* [ACTIVITY] Within the records that follow, restate exactly the lines from the line with "The Cabarrus County" down to the line with "Figure 3 : D'Anglebert's", including both. Omit the pictures.

* [TASK INPUTS]
****

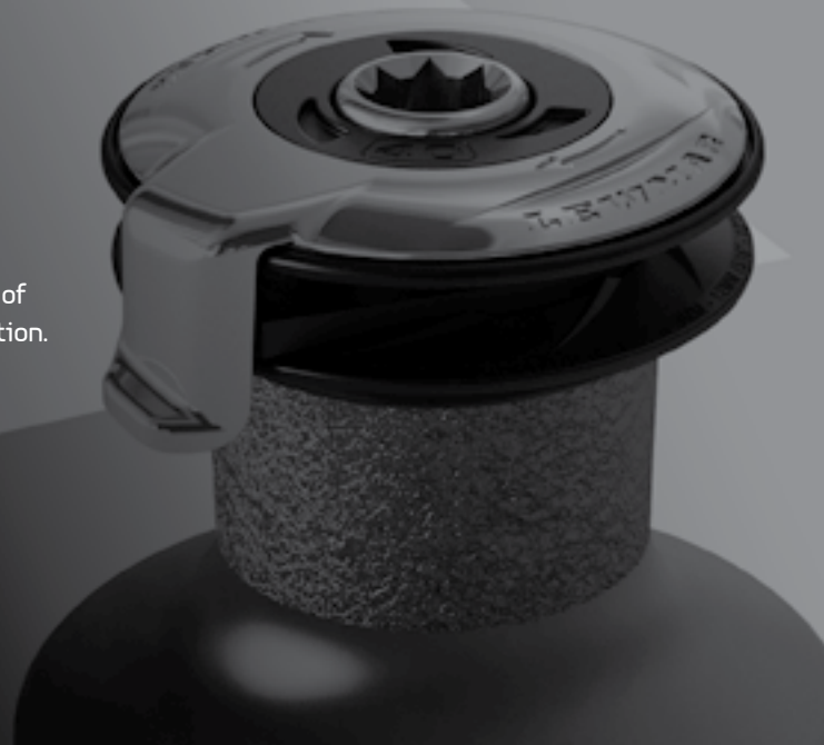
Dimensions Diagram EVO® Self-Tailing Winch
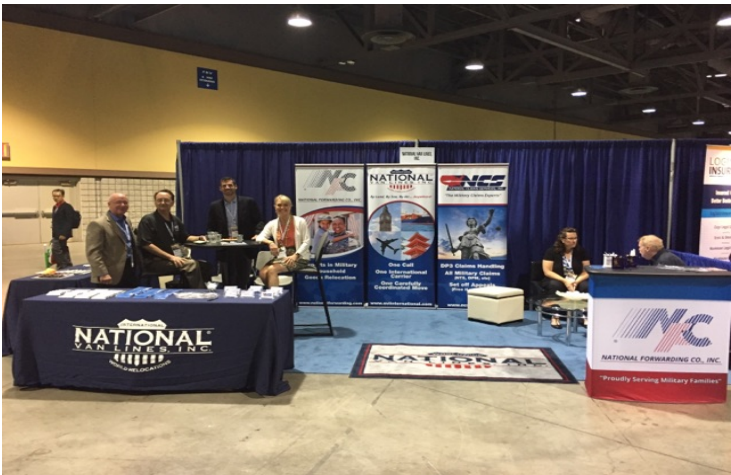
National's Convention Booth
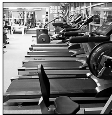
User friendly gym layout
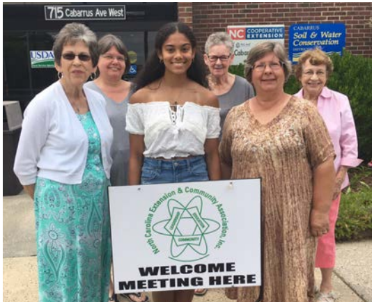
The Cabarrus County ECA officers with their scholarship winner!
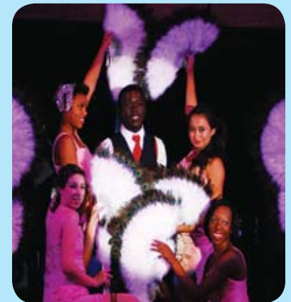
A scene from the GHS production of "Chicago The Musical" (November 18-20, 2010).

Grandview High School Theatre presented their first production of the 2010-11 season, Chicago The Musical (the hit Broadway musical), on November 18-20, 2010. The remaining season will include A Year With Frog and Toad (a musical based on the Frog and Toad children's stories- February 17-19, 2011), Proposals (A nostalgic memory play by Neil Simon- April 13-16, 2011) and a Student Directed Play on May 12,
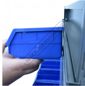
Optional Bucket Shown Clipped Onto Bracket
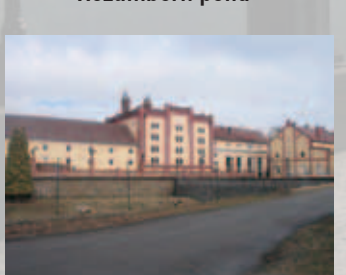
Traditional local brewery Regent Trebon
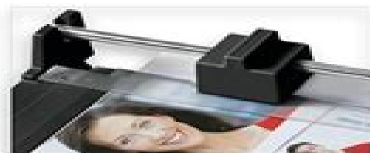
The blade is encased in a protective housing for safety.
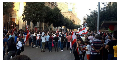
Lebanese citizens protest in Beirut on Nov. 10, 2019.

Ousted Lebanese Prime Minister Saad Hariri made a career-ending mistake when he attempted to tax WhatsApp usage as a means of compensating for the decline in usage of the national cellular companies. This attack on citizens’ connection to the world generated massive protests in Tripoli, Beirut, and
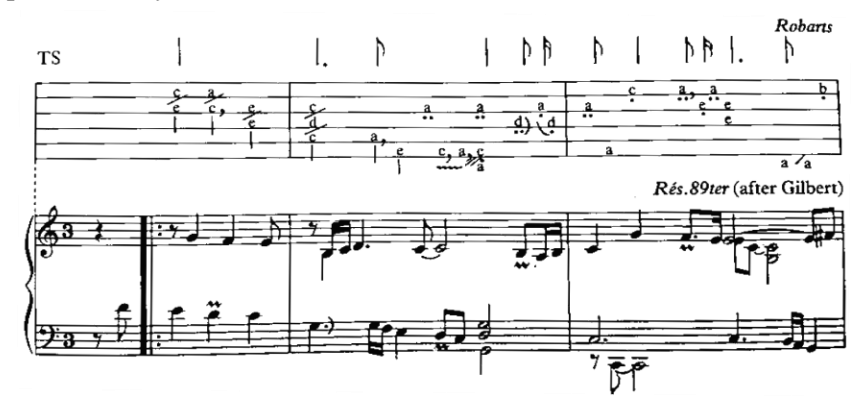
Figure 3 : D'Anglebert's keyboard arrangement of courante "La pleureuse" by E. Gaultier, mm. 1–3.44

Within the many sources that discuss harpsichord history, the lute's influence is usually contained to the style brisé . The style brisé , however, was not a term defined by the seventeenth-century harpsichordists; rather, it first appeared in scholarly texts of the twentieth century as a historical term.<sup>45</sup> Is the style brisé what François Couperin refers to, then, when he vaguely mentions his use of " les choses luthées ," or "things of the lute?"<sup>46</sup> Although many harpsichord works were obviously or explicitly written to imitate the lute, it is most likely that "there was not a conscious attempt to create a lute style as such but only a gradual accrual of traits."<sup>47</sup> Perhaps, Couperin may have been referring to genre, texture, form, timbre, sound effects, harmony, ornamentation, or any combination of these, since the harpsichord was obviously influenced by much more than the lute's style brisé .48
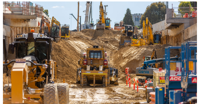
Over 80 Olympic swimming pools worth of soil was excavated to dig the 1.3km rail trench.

****

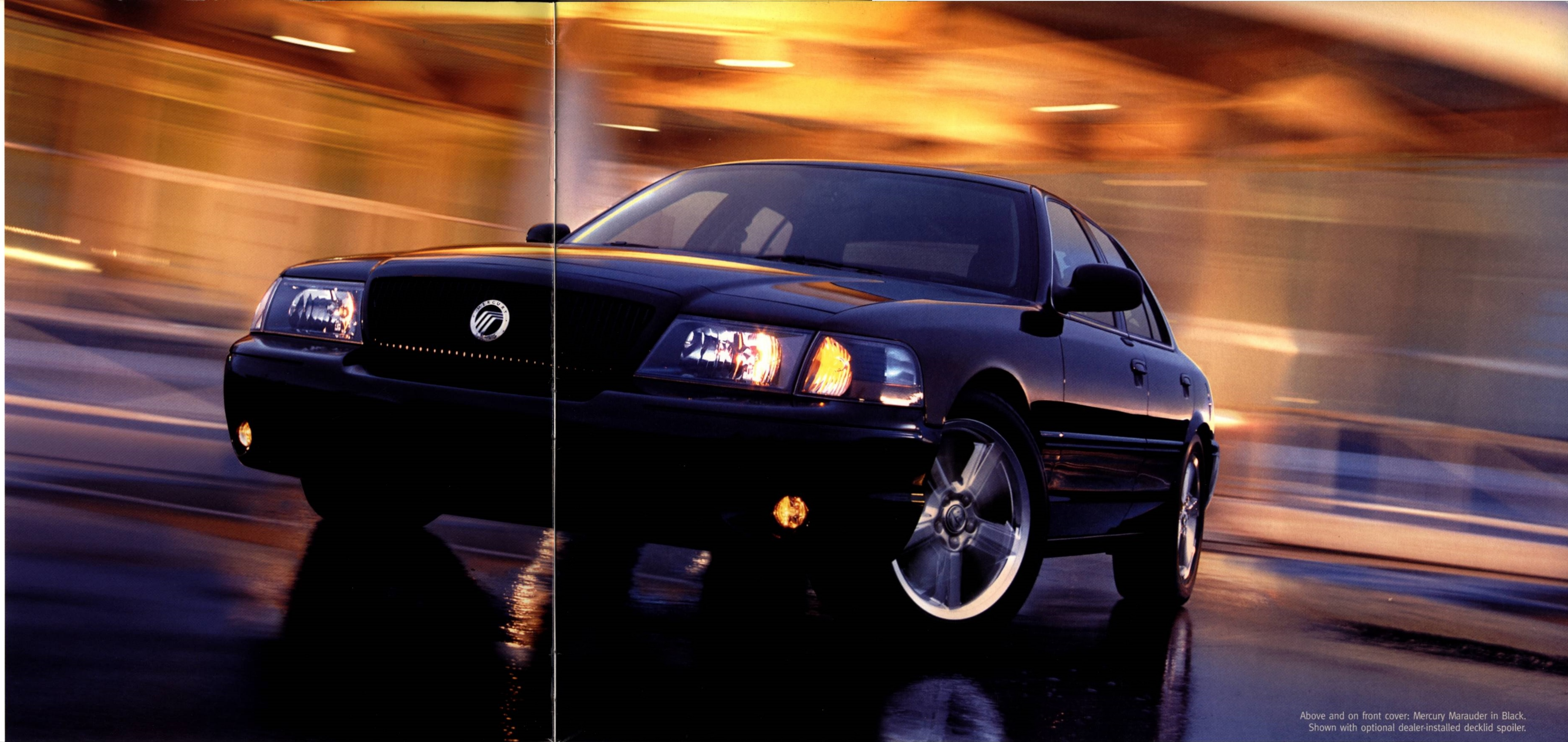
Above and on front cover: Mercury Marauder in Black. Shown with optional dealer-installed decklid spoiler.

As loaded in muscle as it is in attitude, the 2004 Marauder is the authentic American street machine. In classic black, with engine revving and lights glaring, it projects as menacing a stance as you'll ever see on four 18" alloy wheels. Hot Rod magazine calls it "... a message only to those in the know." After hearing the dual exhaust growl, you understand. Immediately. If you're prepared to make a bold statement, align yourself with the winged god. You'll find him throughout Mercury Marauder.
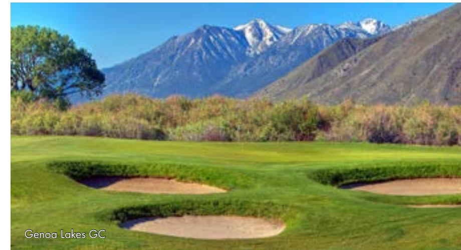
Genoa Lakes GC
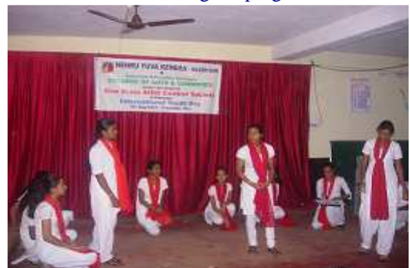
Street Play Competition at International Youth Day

****

* [REPLY]
The Cabarrus County ECA officers with their scholarship winner!
A scene from the GHS production of "Chicago The Musical" (November 18-20, 2010).

Grandview High School Theatre presented their first production of the 2010-11 season, Chicago The Musical (the hit Broadway musical), on November 18-20, 2010. The remaining season will include A Year With Frog and Toad (a musical based on the Frog and Toad children's stories- February 17-19, 2011), Proposals (A nostalgic memory play by Neil Simon- April 13-16, 2011) and a Student Directed Play on May 12,
Optional Bucket Shown Clipped Onto Bracket
Traditional local brewery Regent Trebon
The blade is encased in a protective housing for safety.
Lebanese citizens protest in Beirut on Nov. 10, 2019.

Ousted Lebanese Prime Minister Saad Hariri made a career-ending mistake when he attempted to tax WhatsApp usage as a means of compensating for the decline in usage of the national cellular companies. This attack on citizens’ connection to the world generated massive protests in Tripoli, Beirut, and
Figure 3 : D'Anglebert's keyboard arrangement of courante "La pleureuse" by E. Gaultier, mm. 1–3.44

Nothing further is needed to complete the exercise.